Prisons are in a shambles. They are riven with violence, drugs, assaults and people so desperately miserable that they injure themselves. On release more crime is committed. I have been working with prisons for three decades and I have never seen such terrible conditions for prisoners and staff.

Prior to the election, the Prisons and Courts Bill had included some tentative measures to address these problems. Liz Truss had secured significant funding to recruit more staff and to enhance wages. She was promoting the ‘Unlocked’ scheme to recruit top graduates to work as prison officers, a programme similar to Teach First that has helped struggling schools. I think she recognised that these measures would not ease pressure in the system and in my conversations with her I got the impression that she was going to put pressure on probation and CRCs to reduce recalls in order to stem the flow into prisons.

I have been working with prisons for three decades and I have never seen such terrible conditions for prisoners and staff.

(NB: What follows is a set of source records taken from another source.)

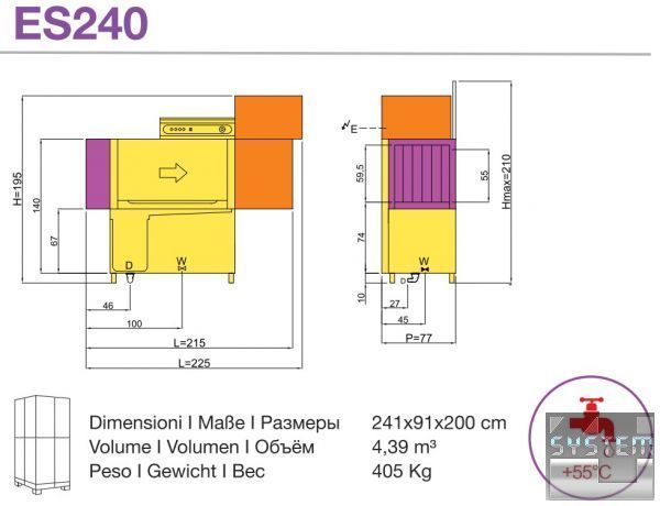 Линейка Evolution Line разработана для больших ресторанов, где требуется непрерывная продолжительная работа посудомоечных машин. Линейка насчитывает 28 моделей тоннельных посудомоечных машин рассчитанных на использование квадратных корзин размером 50х50х13 см. Модели ES55, ES60, ES65 и ES70 имеют ширину 79 см.
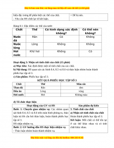 lỏng - lỏng, hơi nước - khí), hình dạng của nước ở các thể khác nhau. Qua đó sẽ
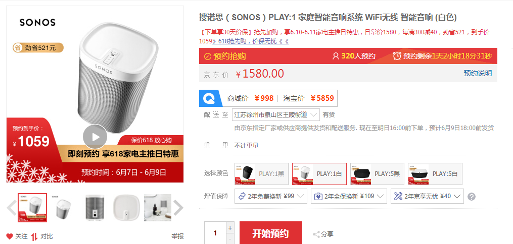 SONOSPLAY:1平时价格为1580元,618期间价格为1059元。只可惜这个价格与这款产品的历史最低价出入还是比较大的,去年SONOSPLAY:1曾降到过899元。

It was shocking that on the day the Queen omitted mention of prison or penal reform, the inspectorates of prison and probation published their joint findings that the privatised community rehabilitation companies are failing so badly that it would make no difference if they simply went away. The failure to care for people coming out of prison results in repeated recalls. Just this month we published research showing that an extra 13,000 people have been sent back to prison.

The primary mission of the Howard League is to work for safer communities. To achieve this we work to keep people out of the system as far as possible and we work to make sure the penal system is proportionate, just, humane and effective. It is not delivering justice if it keeps recalling people for trivial reasons, indeed, this cultivates crime in crowded prisons and the failure to support on release.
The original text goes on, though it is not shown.